I'm trying to get familiar with indicator functions.
Let $Y$ and $X$ be two independent dices and $\Omega=\{1,2,3,4,5,6\}$ and $X\sim Y \sim Uni(\Omega)$ and $Z$ is the sum $Z=Y+X$. Now I want to compute the conditional expectation $E(Z\mid X)$ using indicator functions.
So my attempt:
We have $E(Z\mid X)(\omega):=\sum\limits_{i=1}^6 \operatorname{E}(Z\mid X=x_i)\mathrm1_{X=x_i}$
So it follows $$\operatorname{E}(Z\mid X=x)=\frac{\operatorname{E}(Z\mathrm1_{X=x})}{P(X=x)}=\frac{\sum\limits_{\Omega' \cap \{X=x\}}zP(Z=z)}{P(X=x)}$$
$P(X=x)=1/6$ and if I set $\Omega'_0:={\Omega' \cap \{X=x\}}$ then it becomes
$$\operatorname{E}(Z\mid X=x)=6\sum\limits_{\Omega'_0}zP(Z=z)$$
Now I know that the RHS makes a new conditional measure. But how can I compute further?
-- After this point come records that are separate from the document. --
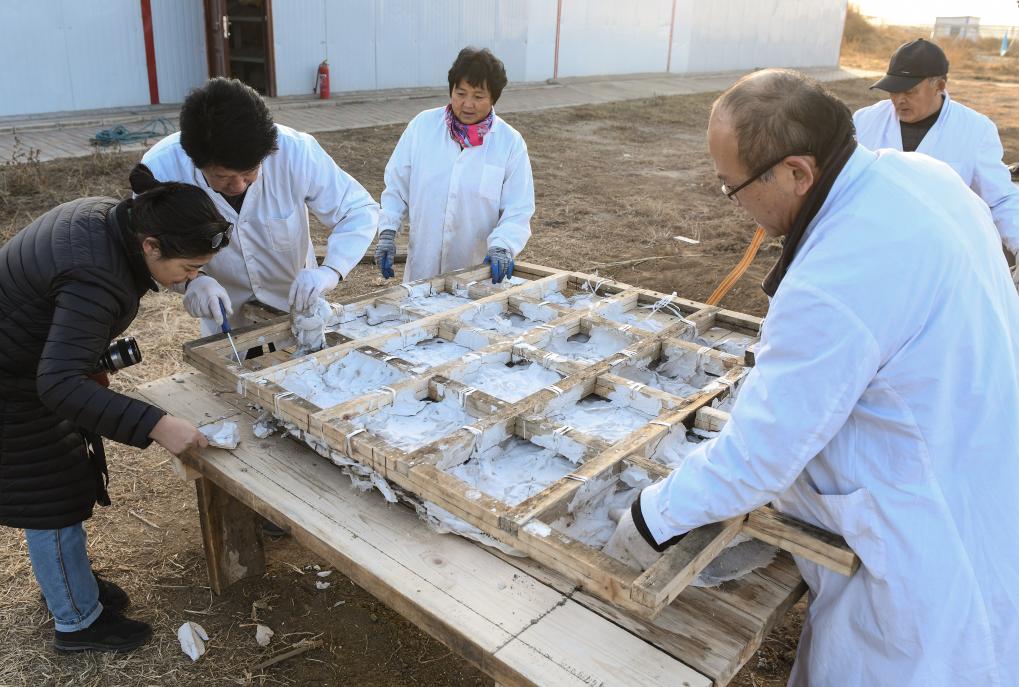 考古工作者利用石膏、木架、薄荷醇等材料将车轮固定后提取出来在室外进行清理(2018年12月4日摄)。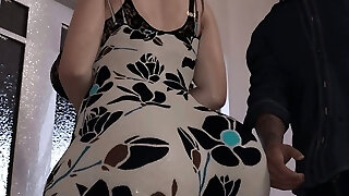 美丽的摩洛伊斯兰解放阵线与一个巨大的屁股清洁厨房,并采取帮助她的优势
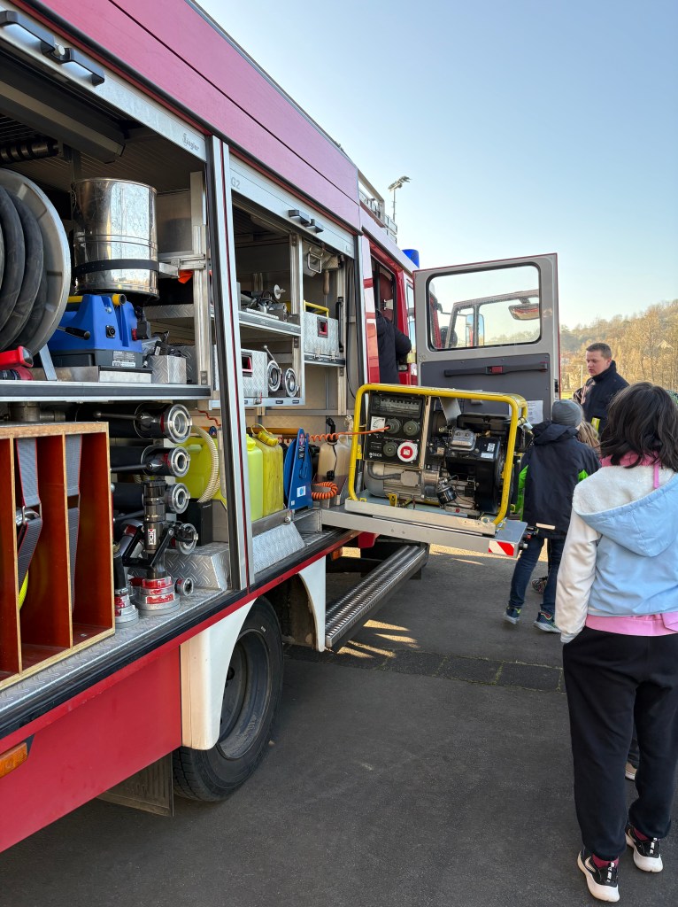 Die Brandschutzerziehung ist eines der wichtigsten Themen des Sachunterrichts. Vor den Osterferien haben wir uns dafür mit dem Thema Feuer beschäftigt. Wir haben das Verbrennungsdreieck durch verschiedene Experimente kennengelernt, haben überlegt, wie wir uns im Brandfall verhalten, und den Notruf bei der 112 geübt. Dabei durfte ein Besuch bei der Feuerwehr natürlich nicht fehlen. Während wir im Unterricht bereits die Aufgabenbereiche der Feuerwehr kennengelernt haben, konnten wir uns vor Ort ansehen, wie und mit welchen Hilfsmitteln die Feuerwehr arbeitet. Einen großen Dank an die Feuerwehr in Nieder-Gemünden.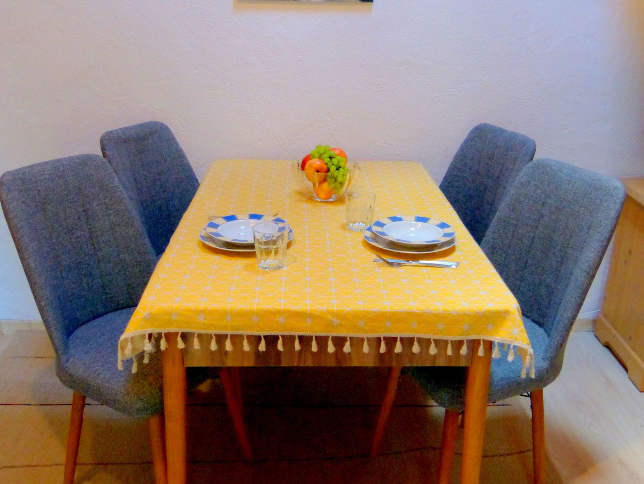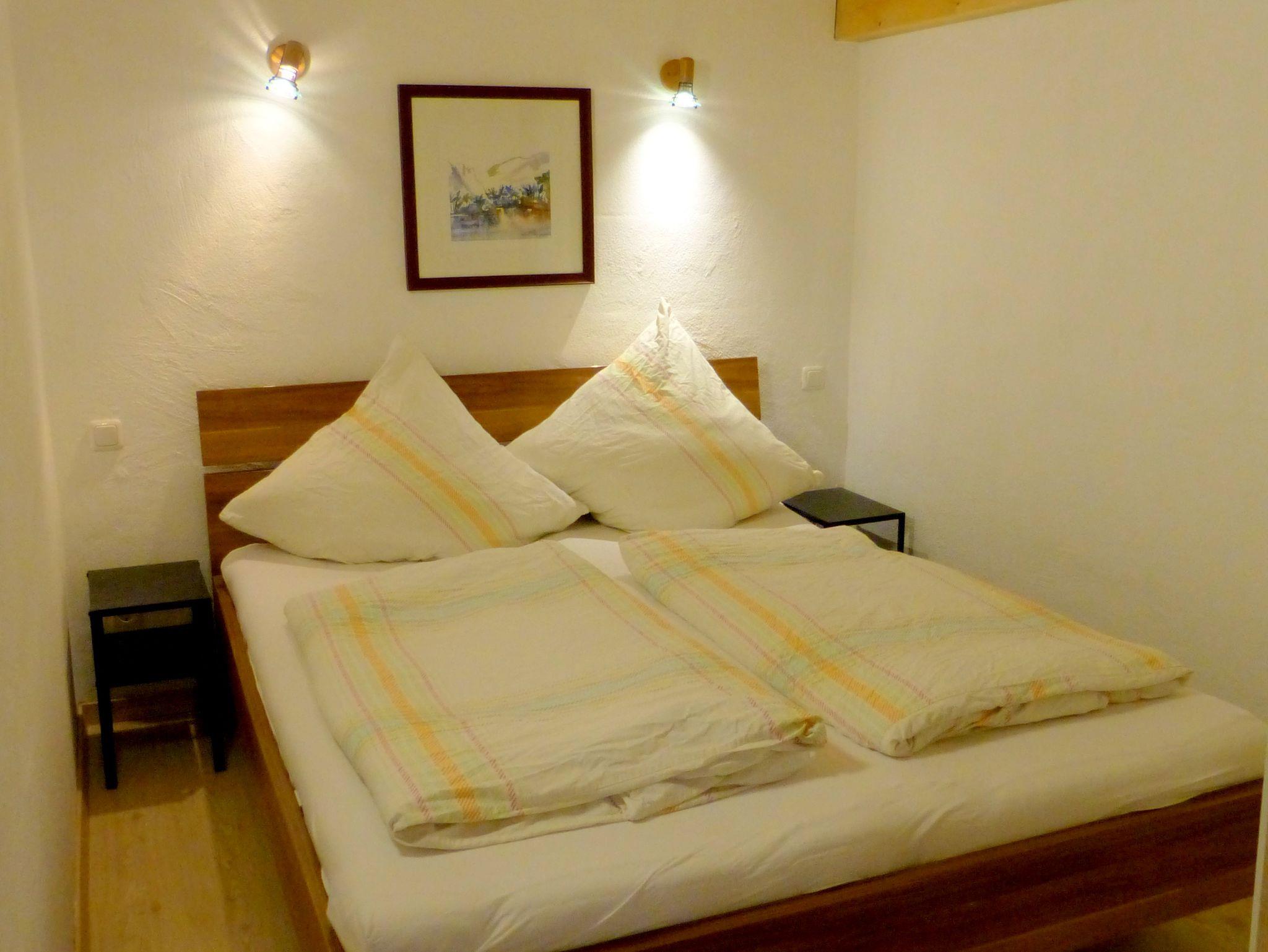 Diese steht Ihnen mit einer Sitzgelegenheit und Grillmöglichkeit zur freien Verfügung um den Blick auf die umliegende Bergwelt genießen zu können. Das gemütliche Wohnzimmer, in dem sich auch der Essbereich befindet, besticht durch eine Einrichtung im Landhausstil und dem Sichtdachstuhl. Der Wohn- und Schlafraum wird mit einer Zentralheizung beheizt. In der voll eingerichteten Küche mit Ceranfeld, Backofen können Sie sich alle Speisen selbst zubereiten. Das gut ausgestattete Bad besitzt eine Dusche, ein Waschbecken, WC und einen Fön. Im separaten Schlafzimmer sorgt ein Doppelbett mit hochwertigen Matratzen für einen erholsamen Schlaf. Ein weiterer Ruheplatz findet sich im großen Doppelbett auf der Empore unter dem Dach, welche über eine Treppe zu erreichen ist. Die Wohnung ist mit W-Lan ausgestattet.

The probability of Z = z is as follows:
0, z = 2 .. x
$\frac{1}{6}$, z = x+1 .. x+6
0, z = x+7 .. 12
$\sum{z \cdot P(z|x)}=(x+1+x+2+..x+6)\cdot\frac{1}{6}=(6x+21)\cdot\frac{1}{6}=x+3.5$
This should stand to reason as E(y) = 3.5
of course this assumes that X and Y are independent